If a user wants a unique session, perhaps because they want to automate and have deterministic results without interference from other users they must use a X-SESSIONID header.

GET /sessionid e.g. GET http://localhost:33620/listicator/listicator/sessionid

Install and Running Locally

download the jar from TestingApp Releases on Github

run by typing:
- java -jar <insertnameofjarfilehere>.jar
- e.g. if you downloaded rest-list-system.jar then it would be java -jar rest-list-system.jar

If you double click it then it will be running in the background on port 4567 - you might have to use task manager to kill the Java VM that it is running on to exit.

Built in Users

Three users are created by default with different permissions: superadmin, admin, user - all have the default password set to password

Use Basic authentication to use these users.
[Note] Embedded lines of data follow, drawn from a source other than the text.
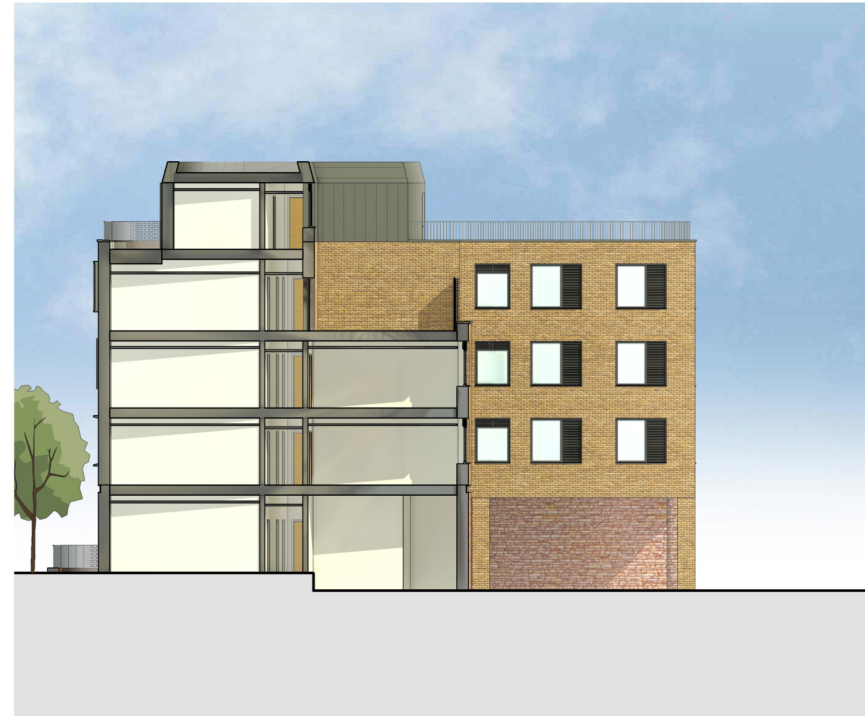
North East Elevation 2 1 : 150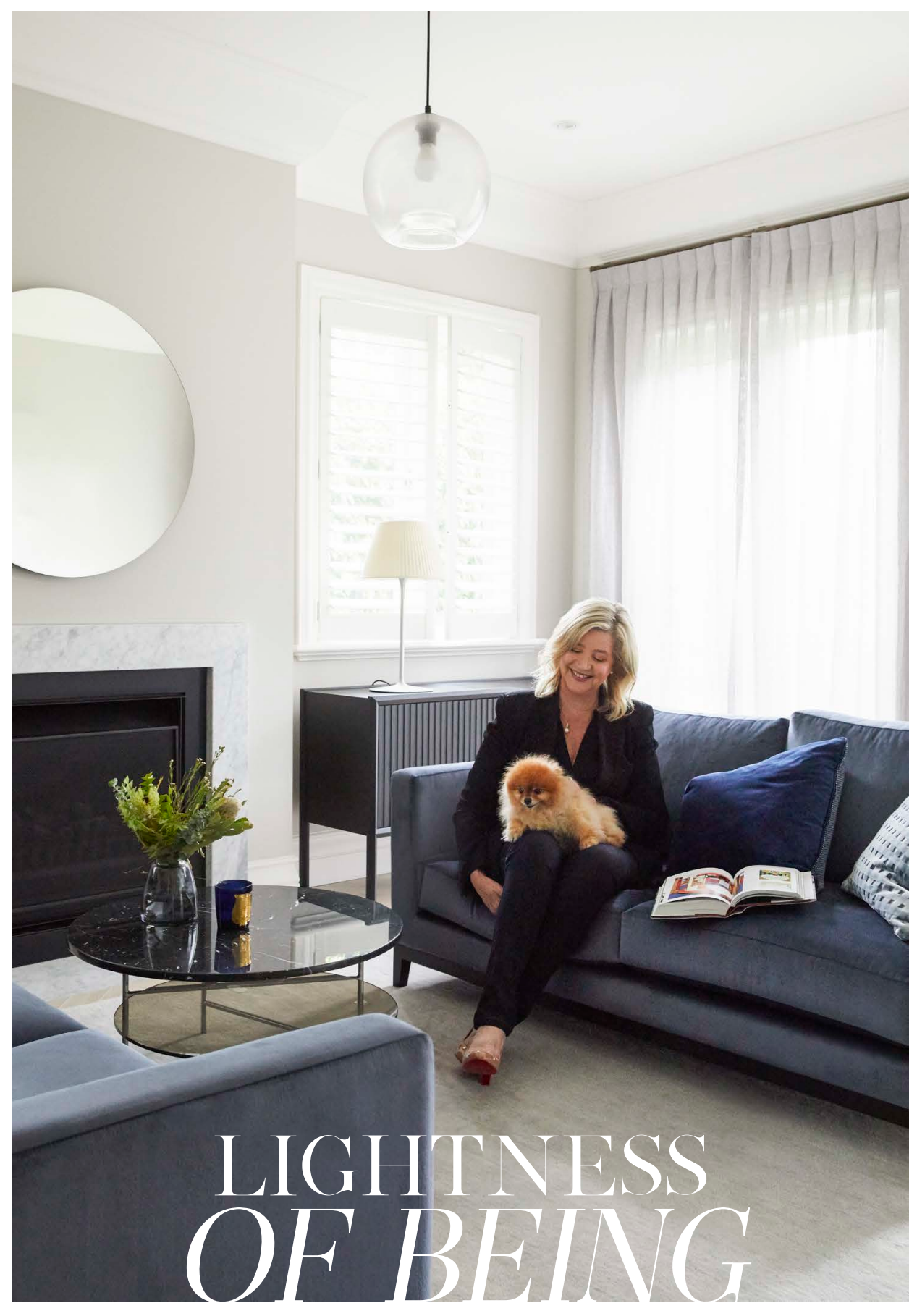
DESIGNED FOR RELAXING AND ENTERTAINING, THIS METICULOUSLY REMODELLED MELBOURNE HOME IS A LESSON IN QUIET LUXURY Story JACKIE BRYGEL Styling JULIA GREEN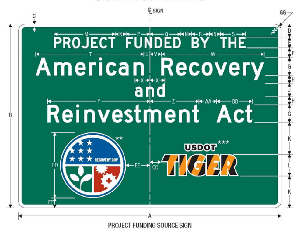
NOTE: SIGN SHALL NOT BE INSTALLED WITHOUT PROJECT FUNDING SOURCE PLAQUE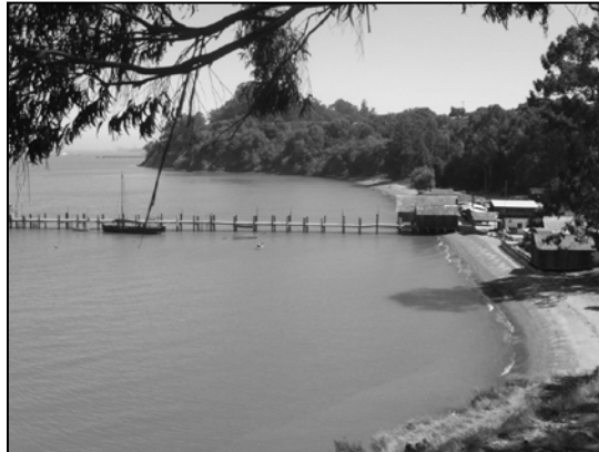
China Camp State Park HALS CA-13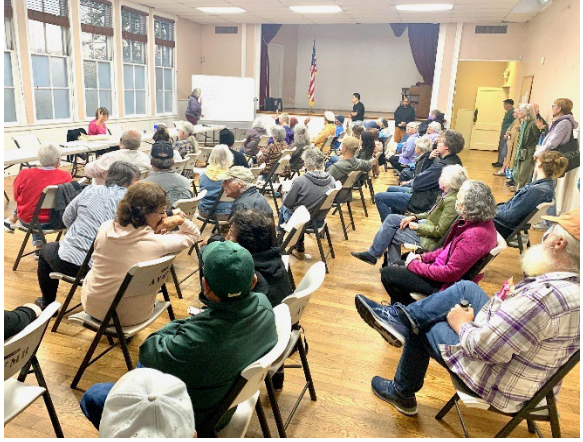
The first one was Nomination Night. The second is Weds, May 24, 2023.

In the spring there are two general membership meetings where member participation is necessary, as business cannot be conducted without a quorum (a minimum of 63 members).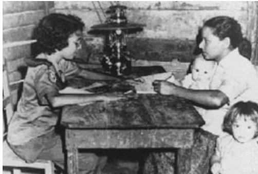
Young literacy brigadista teaches a campesina . 3

“At the time of the Campaña de Alfabetización thousands and thousands of Cubans were illiterate. The Campaña was a definitive point when everyone could better themselves.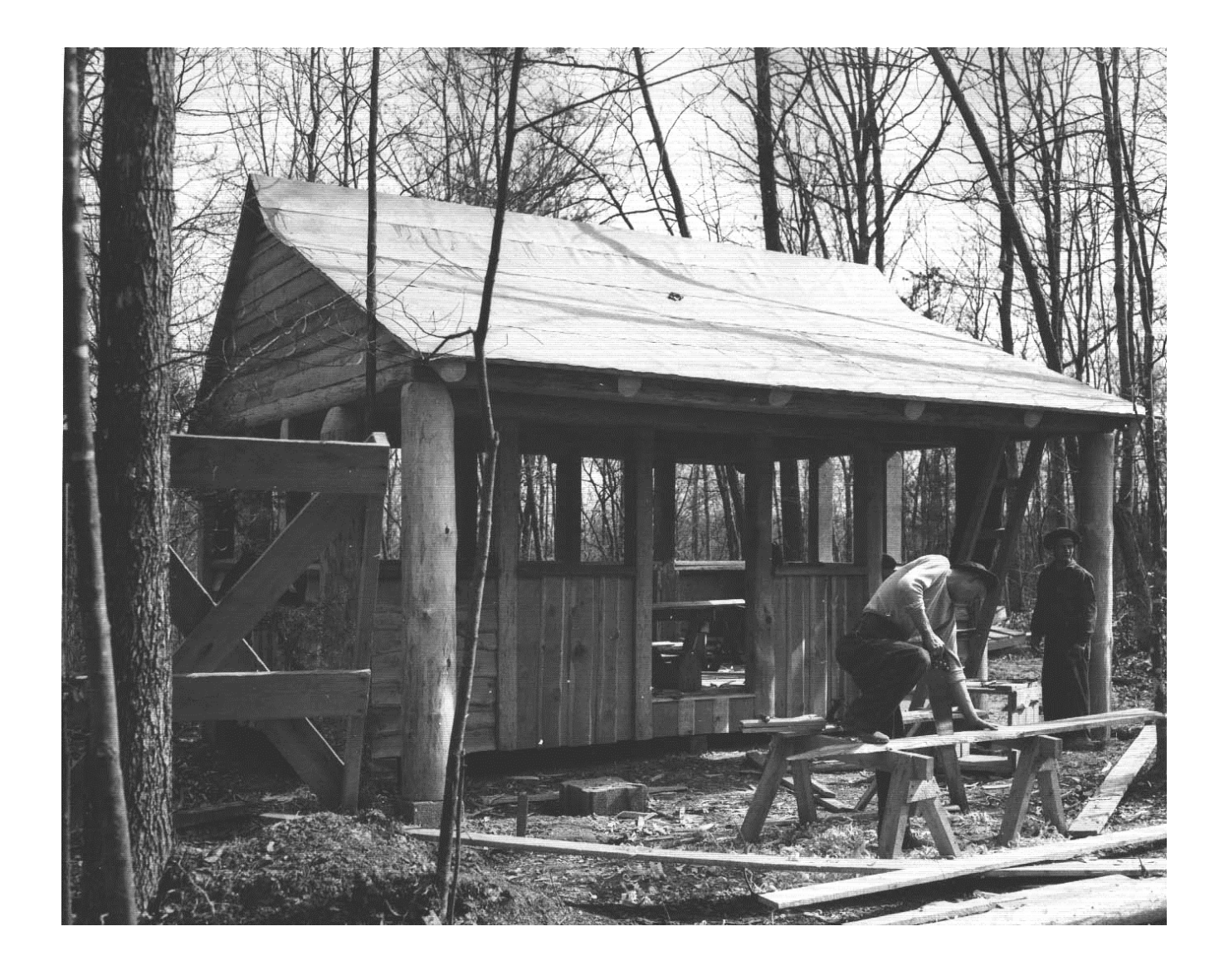
Figure 1. View of CCC workers constructing cabins at Chopawamsic (PRWI) in April 1936.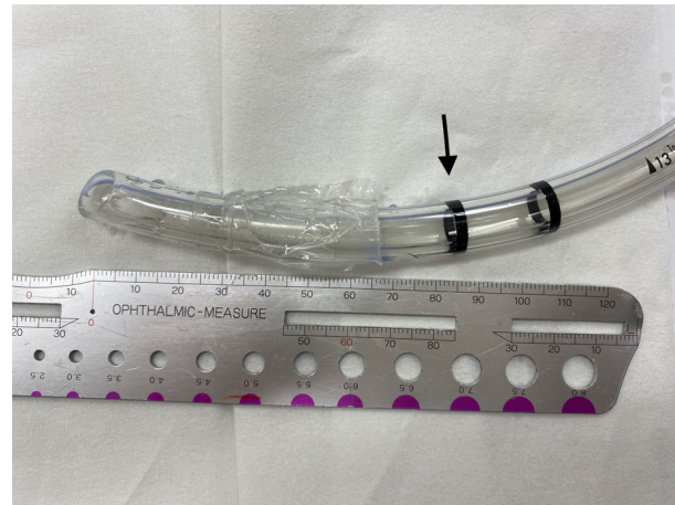
Fig. 3. Length of the end of the intubation tube for emergency surgical front of neck airway access. This picture shows the tip of a 6 mm intubation tube. It has a marker, 85 mm from the tip (arrow). The median distance from the cricothyroid ligament to the tracheal bifurcation was 105 (interquartile range, 90–110) mm among the 15 patients who underwent computed tomography imaging in this study. Thus, to prevent one-lung intubation, the intubation tube should be placed so as not to exceed this marker.

In this study, the most frequent adverse event was one-lung intubation. Although one-lung intubation can oxygenate the patient to some extent, it can cause pneumothorax due to excessive pressure on one lung. When a tube for general tracheal intubation is used in eFONA, one-lung intubation could be caused by inserting the tube too deeply. 13 This might also be caused by dislocation during patient transfer. X-ray is a simple method of detection and should be performed immediately after insertion. However, in some situations, portable X-rays are not immediately available, or the tube position might change even after imaging. Therefore, physicians managing the airway should always pay attention to the left–right difference in thorax elevation and auscultation. In particular, it should be carefully observed after tube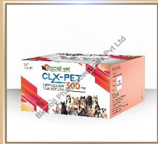
CLX-PET 300mg Tablets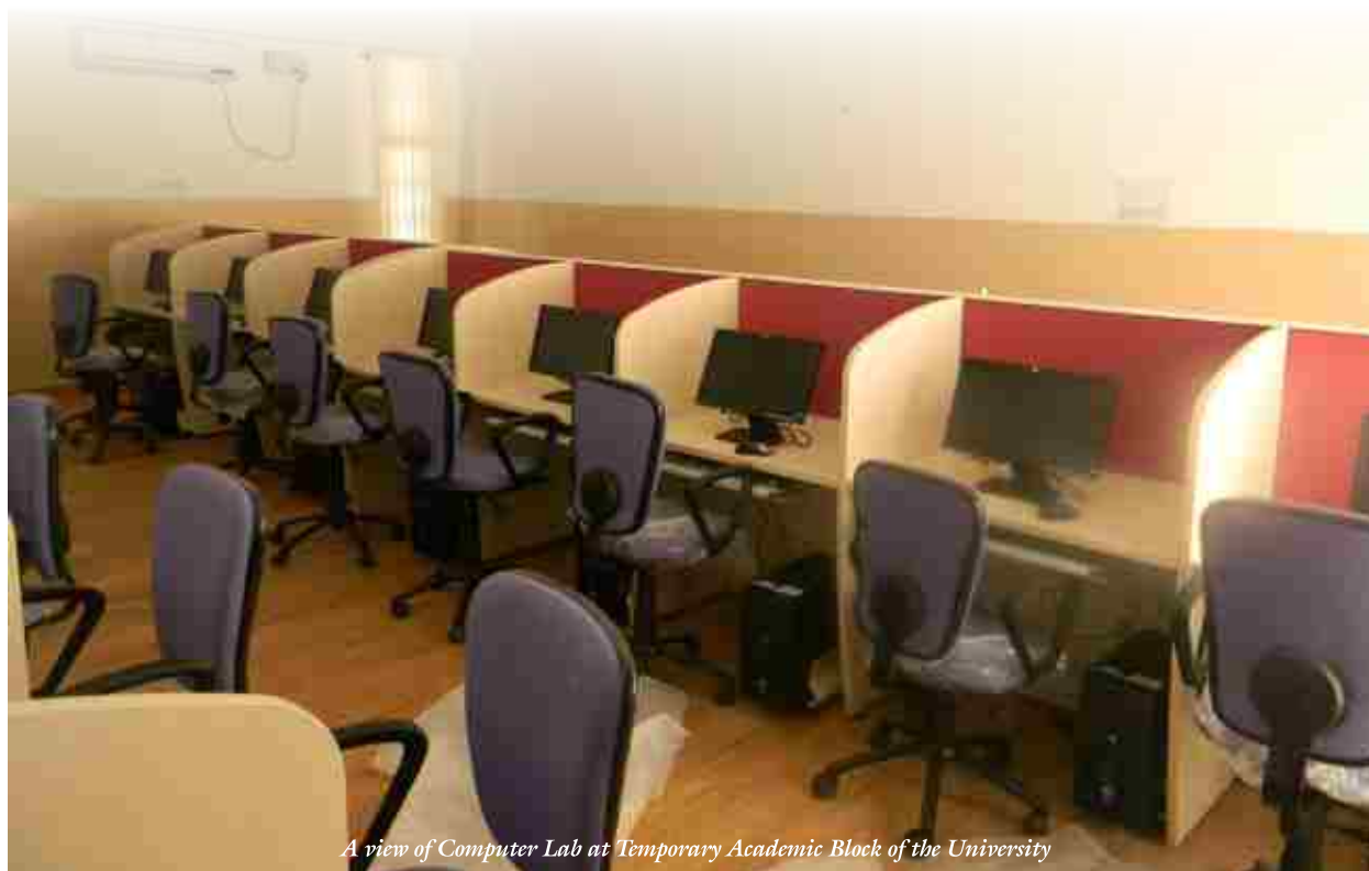
A view of Computer Lab at Temporary Academic Block of the University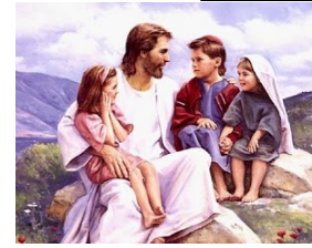
“Kids for the Kingdom”

Non-Profit Org. U.S. Postage PAID Mansfield, Ohio Permit #385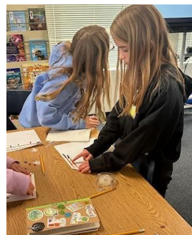
Hands-on project at right. Notice the Science Notebook nearby for detailing observations.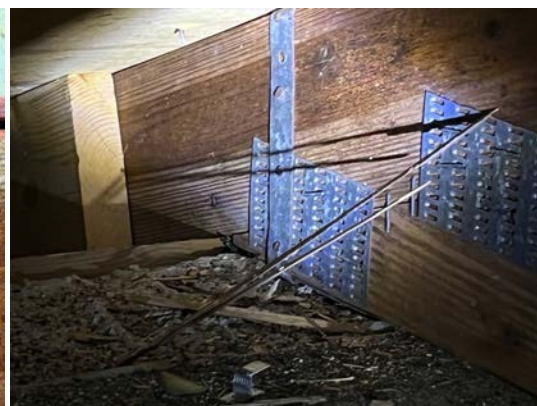
Clip RTW Connection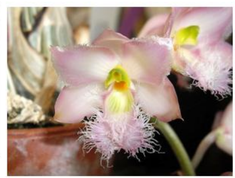
Clowesia rosea Photo: John Varigos, OW X4.2

Clowesia is a genus with mostly pale green, more darkly green –veined species in which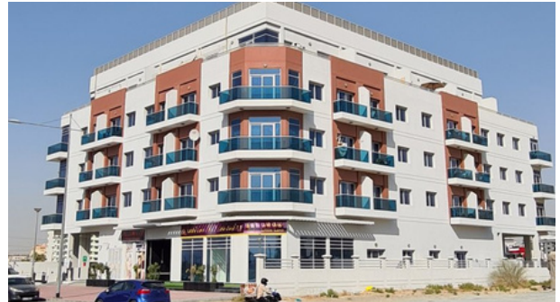
WARSAN AVENUE IN WARSAN, DUBAI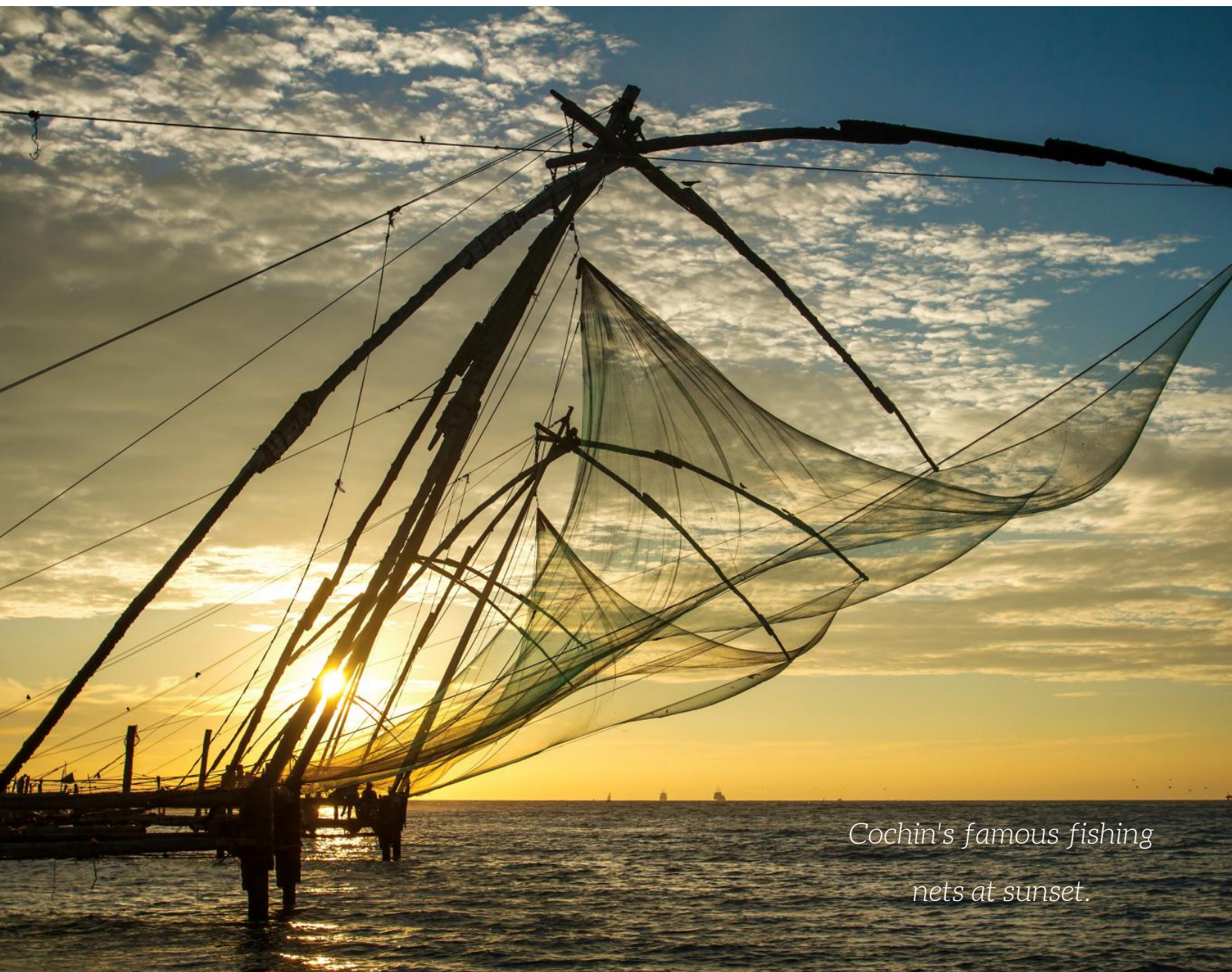
Cochin's famous fishing nets at sunset.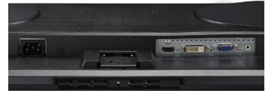
Built-in HDMI input makes the LE-24 easy to be paired with Full HD multimedia advices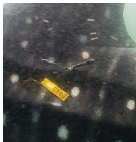
Tags showing on a young whale shark

Ecotourism for whale sharks has exploded across the globe. The magnificence of such large, distinctive animals, coupled with their calm demeanor and their feeding biology, which differs greatly from other sharks, makes them a huge attraction for dive operators. Snorkelers can safely approach and encounter these friendly creatures and many are moved to awe by their size and beauty. However, whale sharks are highly migratory, and unfortunately, still the victim of targeted fisheries in some areas of the world. At the last CITES conference, the whale shark was listed on Appendix II, meaning that it must be monitored and managed properly, but is not yet fully protected. Hopefully, whale sharks will be fully upgraded to Appendix I at the next conference and all international trade in whale sharks will be banned. 🐟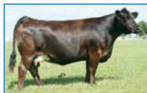
SS Babys Breath P035, Dam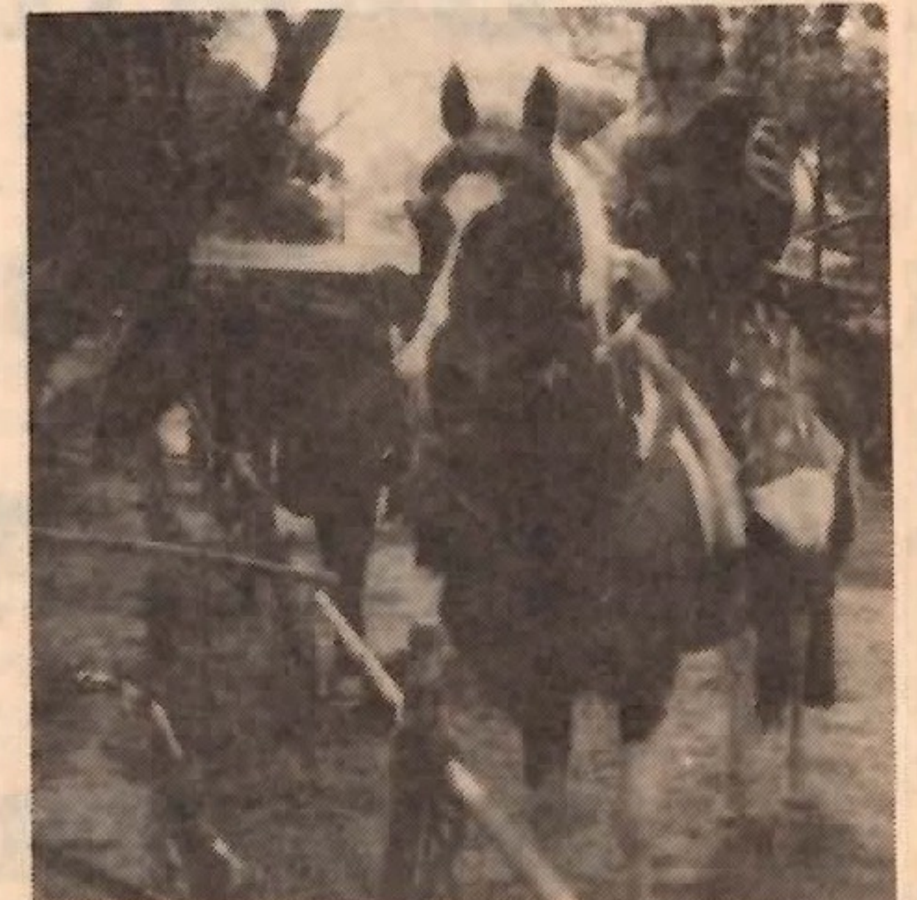
Toshiro Mifune, a star of the mini-series SHOGUN, waits for the contest to begin.

These riders and their horses are known throughout Japan and even the world for their skills. They, and other archers around Japan ride at Hachiman Miura, and when President Reagan came to visit Japan, they performed for him and his wife. Toshiro Mifune was not able to ride for President Reagan because of a bad back, so he has been permitted by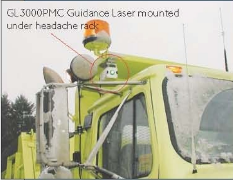
GL3000PMC Guidance Laser mounted under headache rack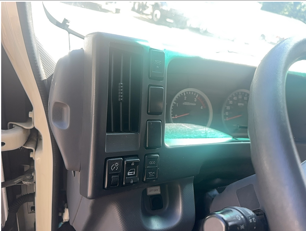
Switches and Controls / 08-31-2023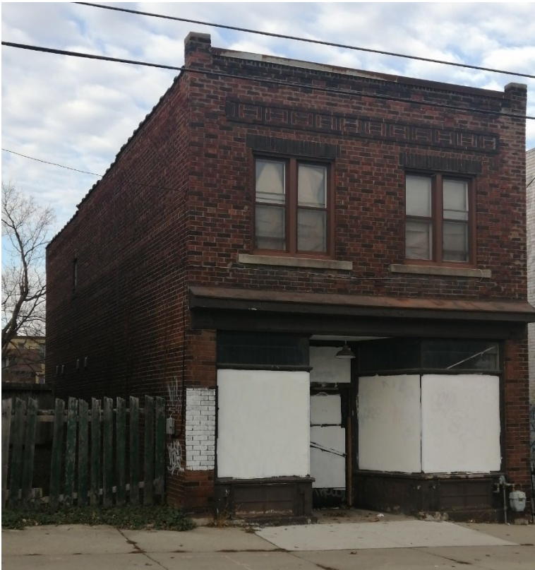
Figure 17 West and south elevations of 80 Mimico Avenue (Heritage Planning, 2023).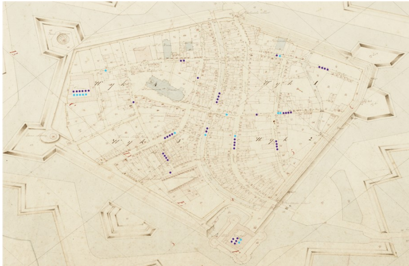
Figure 3 Map of 1866 Woerden with Hotspots of Cholera: Deaths and Recoveries

username: superadmin, password: password
username: admin, password: password
username: user, password: password

Command Line Arguments For Local Execution

-port=1234 set the port to supplied integer (defaults to 4567)
-bugfixes=false (defaults to true)
-resettimmer=MILLISECONDS e.g. -resettimmer=1000
- sets the default list application timer, by default locally this is 0 as single user mode is inferred
- on the cloud this is set to 5 minutes (300000 milliseconds)
- this can also be configured by setting and environment variable or property called RestListicatorApiResetMillis
-maxsessionseconds=SECONDS e.g. -maxsessionseconds=60
- sets the individual session created by /sessionid to be deleted after 60 seconds of inactivity
- this can also be configured by setting and environment variable or property called RestListicatorMaxSessionSeconds

End Points Summary

/heartbeat - is the server alive?
/lists - manage the List entities - create, amend lists
/lists/{guid} - create, amend, delete a List
/users - user management - create, delete
/users/{username}/password - amend a User's password
/users/{username}/apikey - amend a User's api key
/feature-toggles - superadmin can toggle app features on and off
/sessionid - get a unique sessionid to isolate your testing from other users, use the session id in a X-SESSIONID header

NOTE:
if you see {username} or {guid} mentioned in the end point documentation.
This means "replace {username} with an actual username"
e.g. /users/{username}/apikey would be /users/admin/apikey

The end points may be nested in a sub path e.g. /listicator/heartbeat

Check with your system admin to find out how the application has been configured.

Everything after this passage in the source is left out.